Anstatt abstrakter politischer Debatten kamen dann zum Themenschwerpunkt Migrationsgeschichten Menschen aus der Region zu Wort. Albert Riedelsheimer erläuterte die Intention der Veranstaltung: „Die Diskussionen über Migration im letzten Wahlkampf erinnerten an die 70er und 80er Jahre. Wir wollen heute einen anderen Weg gehen und von den Erfahrungen der Menschen lernen –was hat ihnen bei der Integration geholfen und was können wir alle verbessern?“
Ayca Kurt, geboren 1988 und in dritter Generation in Deutschland lebend, schilderte die Anfänge der türkischen Einwanderung vor etwa 50 Jahren: „Die Anfänge waren hart, geprägt vom Spagat zwischen den Anforderungen der Familie und denen des neuen Landes. Vereine wie der TKSV wurden gegründet, weil in der Region ein Ort fehlte, an dem nicht nur Sport betrieben, sondern auch kultureller Austausch stattfinden konnte.“
Besonders bewegend war der Bericht von Güler Altunay, die als Kind mit ihrer Familie nach Donauwörth kam. Sie erzählte von ersten Sprachbarrieren, vom Schulalltag und von enttäuschenden Erfahrungen bei der Berufswahl. „Als Teil der zweiten Generation habe ich erfahren, wie gelingende Integration ohne vollständige Assimilation möglich ist – indem man das Beste aus beiden Kulturen annimmt und miteinander verbindet”, so Güler Altunay. Dass diese Haltung auch in der dritten Generation weiterlebt, zeige das Beispiel ihrer Nichte Ayca Kurt auf eindrucksvolle Weise.

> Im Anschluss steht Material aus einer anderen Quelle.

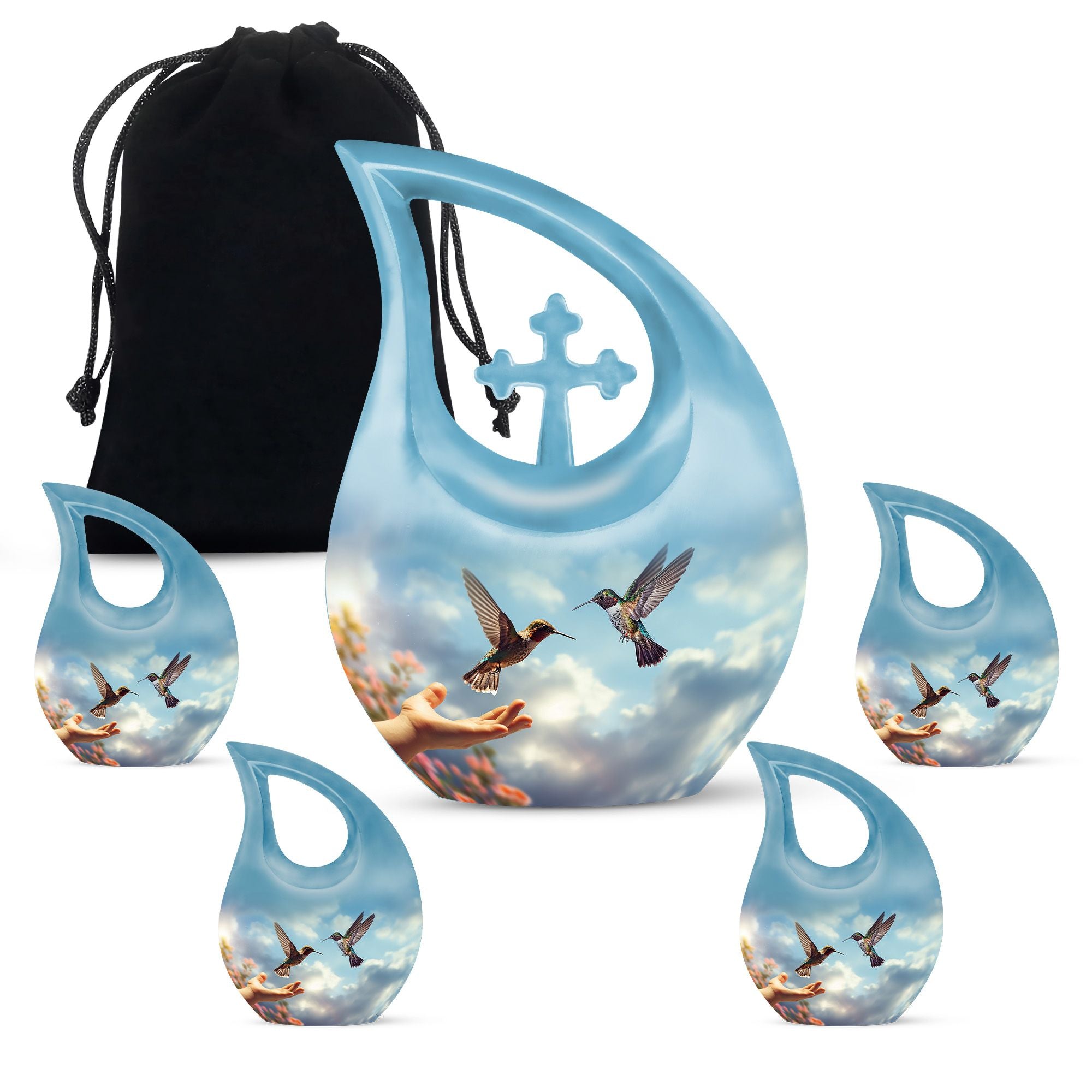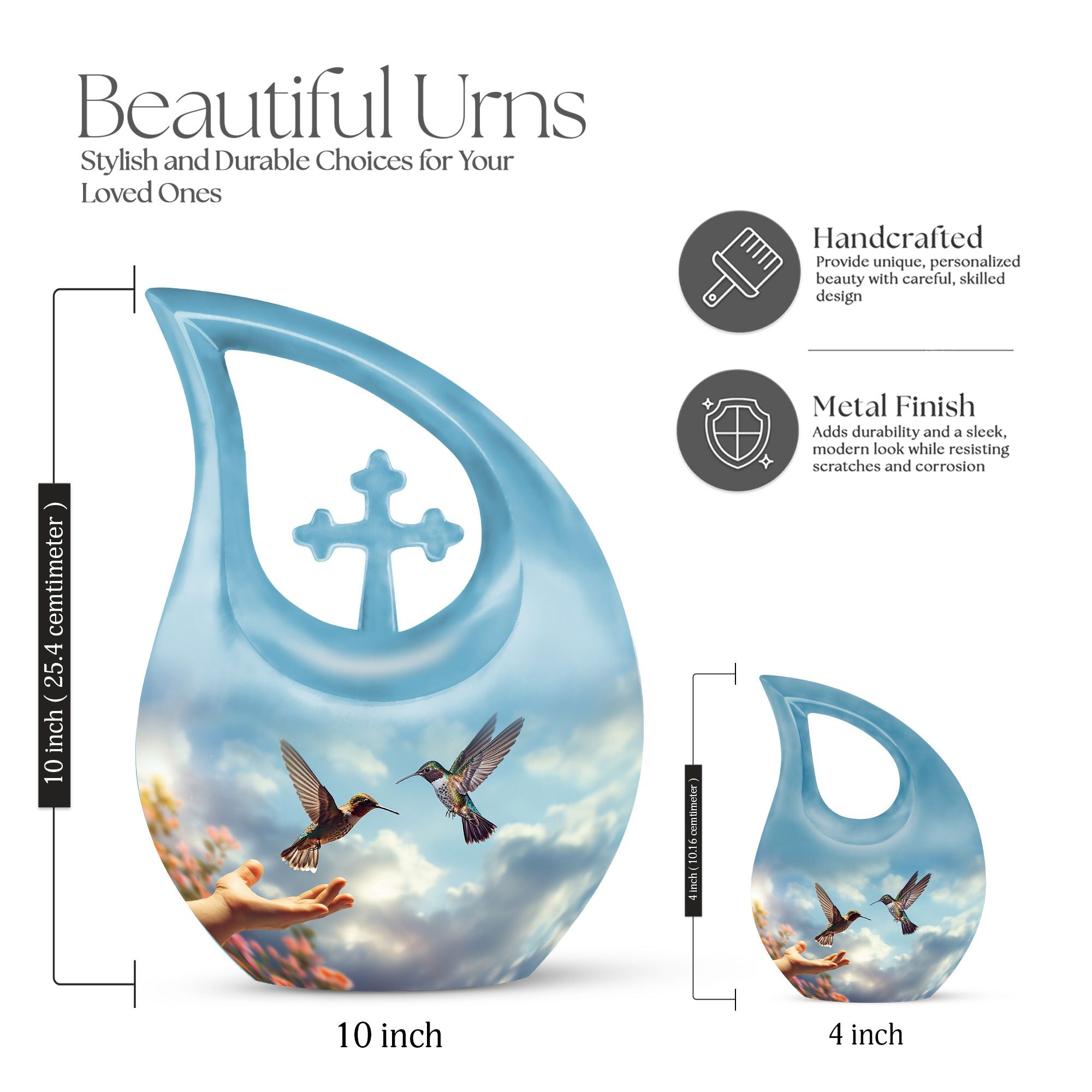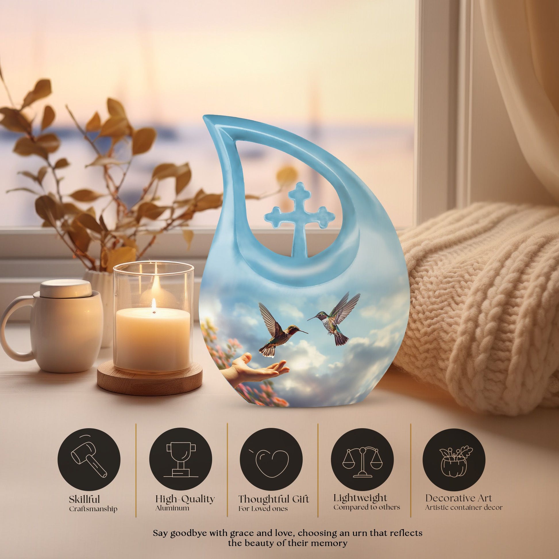 This Hummingbird Memorial Urn offers a peaceful and uplifting way to honor a loved one, symbolizing freedom, grace, and enduring love. Designed for both men and women, it provides a heartfelt tribute for families seeking small cremation urns, meaningful cremation ashes keepsakes, or a beautiful memorial to keep close.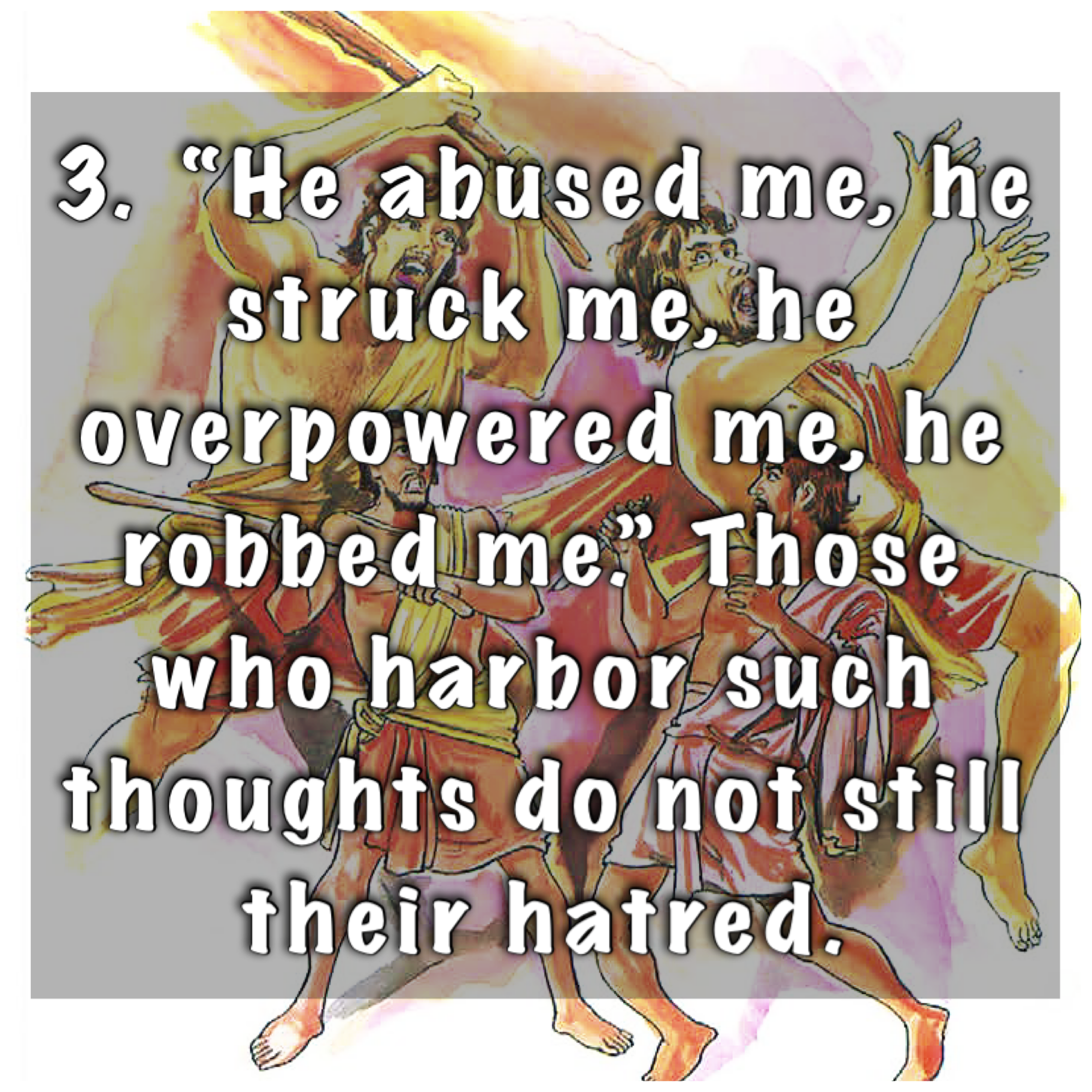 3. ” He abused, he struck me, he overpowered ne, he robbed me.” Those who harbor such thoughts do not still their hatred.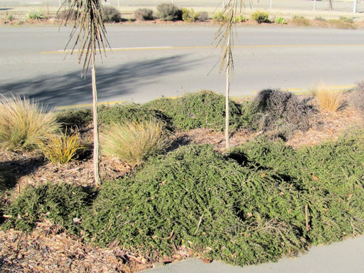 Groundcovers or low-growing natives (where appropriate): In somewhat sheltered or partially protected exposed sites, plants like Muehlenbeckia complexa (wire vine / pohuehue) or prostrate/divaricating shrubs of Coprosma lineage can help knit together soil, suppress weeds and reduce erosion — especially useful on dunes or slopes where full shrubs/trees are less ideal.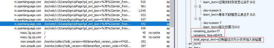 继续下拉,能够看到一个“total_singup_text=已有超过25万小伙伴加入体验营”的字段,这正是顶部轮播的第一段文字,显然这是一段固定的文案。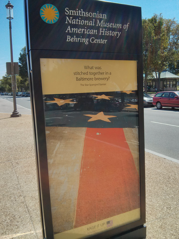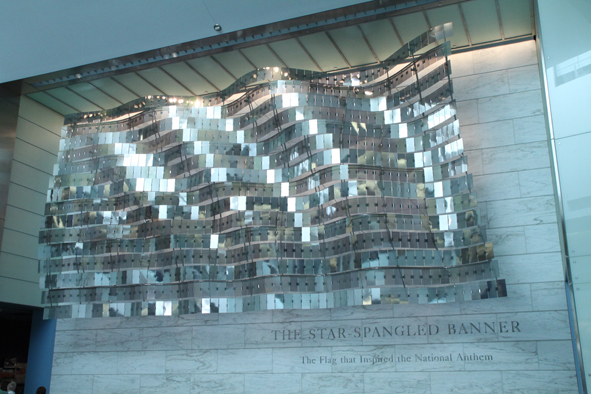 Sept 2014 marks the 200th Anniversary of the Star Spangled Banner – the flag that inspired the US National Anthem. The original is in display at the Smithsonian Museum of American History. The flag was first flown after the US won the Battle at Baltimore against the British and the words for the Star Spangled Banner were penned after seeing the flag being flown. No photos of the original flag were permitted. They had preserved the flag the best they could – segments had been cut out of the flag in the past to be kept as souvenirs!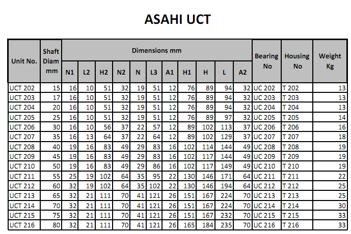 dùng vỏ gang T liền mảnh hình chữ T để đạt độ cứng tối đa, nhằm chống bị biến dạng hoặc bị mài mòn lúc lắp đặt cũng như khi vận hành,.Gối đỡ ASAHI UCTsử dụng vòng bi bên trong là UC thuộc dạng bi cầu 1 dãy bi.Bạc đạn này tương tự dòng bi 62xx và 63xx, có thể chịu tải hướng kính và một lượng tương đối tải hướng trục.Nhờ vành ngoài có dạng hình cầu bạc đạn UC có khả năng tự lựa.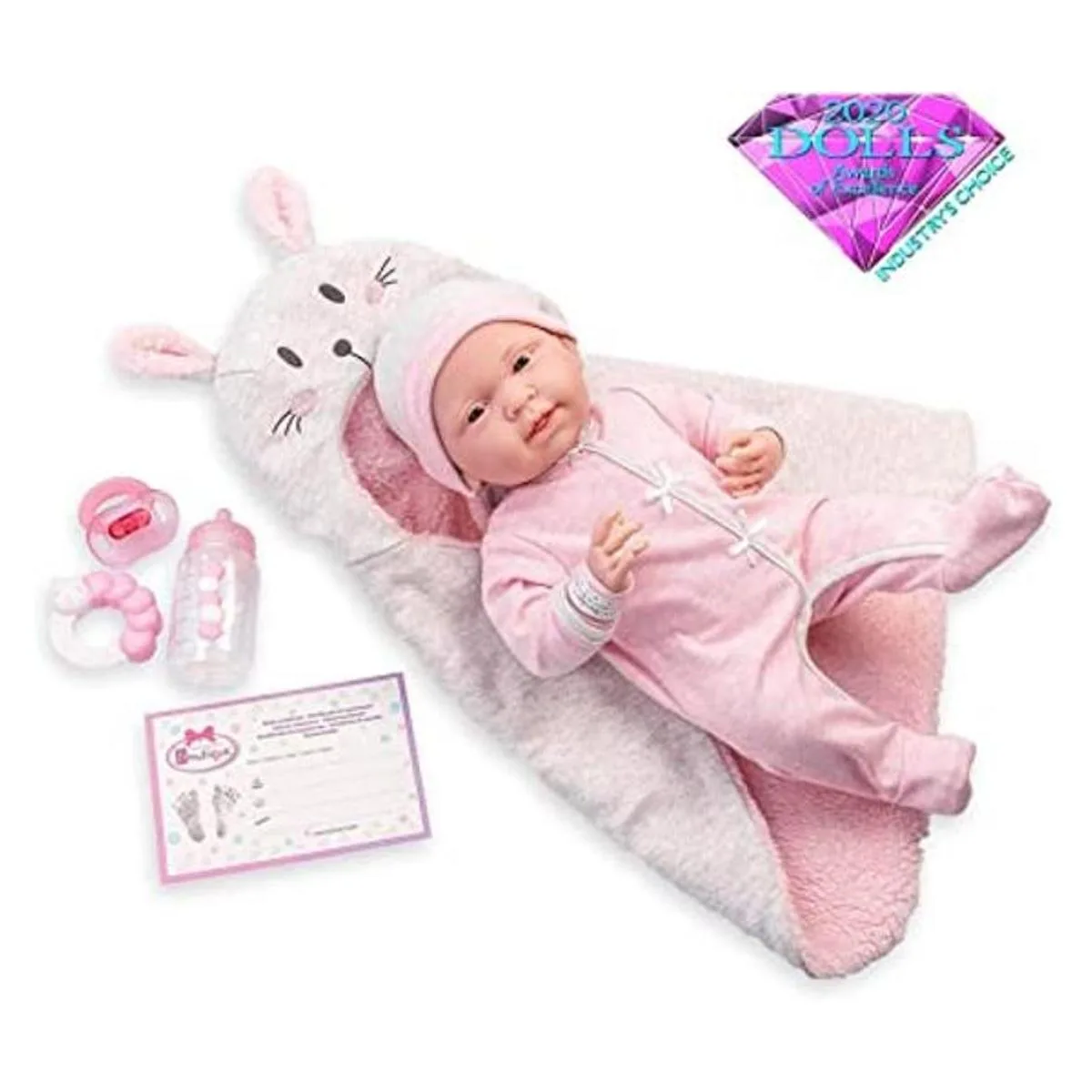JC Toys La Newborn Nursery Muñeca recién nacida suave y flexible de 15.5 pulgadas con accesorios Juego de 8 piezas, disponible en diferentes diseños edades 2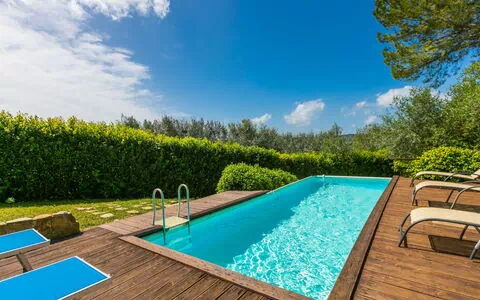 " Sole", ancienne ferme 6 pièces 195 m2 sur 3 niveaux. Spacieux, complètement rénovée en 2019, aménagement de bon goût et plaisant: séjour ouvert avec cheminée et TV (écran plat). Sortie sur la terrasse. Salle à manger. Cuisine (four, lave-vaisselle, Poêle à gaz, 5 feux, grille-pain, bouilloire électrique, micro-ondes, cafetière électrique). À l'étage inférieur: 1 chambre double. Sortie sur le jardin. Douche/WC. À l'étage supérieur: 2 chambres doubles, chaque chambre avec: air-conditionné. 1 chambre double avec 1 lit (140 cm), air-conditionné. Douche/bidet/WC, bain/douche/bidet/WC. Chauffage (en sus), air-conditionné. Sol en pierres naturelles. Terrasse, grande terrasse couverte, jardinet. Meubles de terrasse, barbecue, chaises longues, loggia, réduit. Très belle vue panoramique sur les alentours. A disposition: lave-linge, fer à repasser, moustiquaire, chaise haute pour enfant, lit bébé jusqu'à 2 ans, sèche-cheveux. Internet (Connexion WIFI, gratuit). Place de parking (cloturée) près de la maison. Veuillez noter: logement non-fumeur. Entrée privée. La piscine mentionnée dans le descriptif est privative. IT048038C24Q4Q8KAO

Şener Şahin, Integrationsbeauftragter des Bayerischen Fußball-Verbandes, unterstrich: „Integration ist keine Einbahnstraße, sondern ein Geben und Nehmen.“ Er schilderte die Situation der ersten Einwanderergeneration, die oft in segregierten Wohngebieten lebte und hauptsächlich zum Arbeiten nach Deutschland geholt wurde: „Wie sollte mein Vater Deutsch lernen? Er arbeitete im Schichtdienst, dort waren auch nur Türken, weil diese Arbeit nur Ausländer machten. Die deutschen Vorarbeiter lernten schneller türkische Worte als umgekehrt. Wenn es nur ums Arbeiten geht, funktioniert Integration nicht.“
Eine weitere Migrationsgeschichte (aus Marktoberdorf) in der taz lesen:
Rassismus im Alltag: Was soll ich meinem Sohn sagen? | taz.de↗
In der anschließenden Diskussion wurden weitere zentrale Themen angesprochen: die mangelnde Repräsentation von Menschen mit Migrationsgeschichte in Führungspositionen, Herausforderungen bei der Identitätsfindung und die Rolle des Bildungssystems. Dabei wurde deutlich, dass trotz vieler Fortschritte weiterhin strukturelle Barrieren bestehen.
Die Veranstaltung machte deutlich, dass erfolgreiche Integration sowohl individuelle Anstrengungen als auch gesellschaftliche Offenheit erfordert. Rosi Schroll vom KV Augsburg-Stadt fasste zusammen: „Jenseits politischer Prozesse brauchen wir Empathie. Die Geschichten der Ausgrenzung berühren mich sehr. Diesen Schmerz müssen wir als Gesellschaft verarbeiten.”
Der Bezirksverband Schwaben von BÜNDNIS 90/DIE GRÜNEN wird die Erkenntnisse aus diesem Dialog in seine weitere politische Arbeit einfließen lassen und setzt sich weiterhin für eine offene, vielfältige Gesellschaft mit gleichen Chancen für alle ein.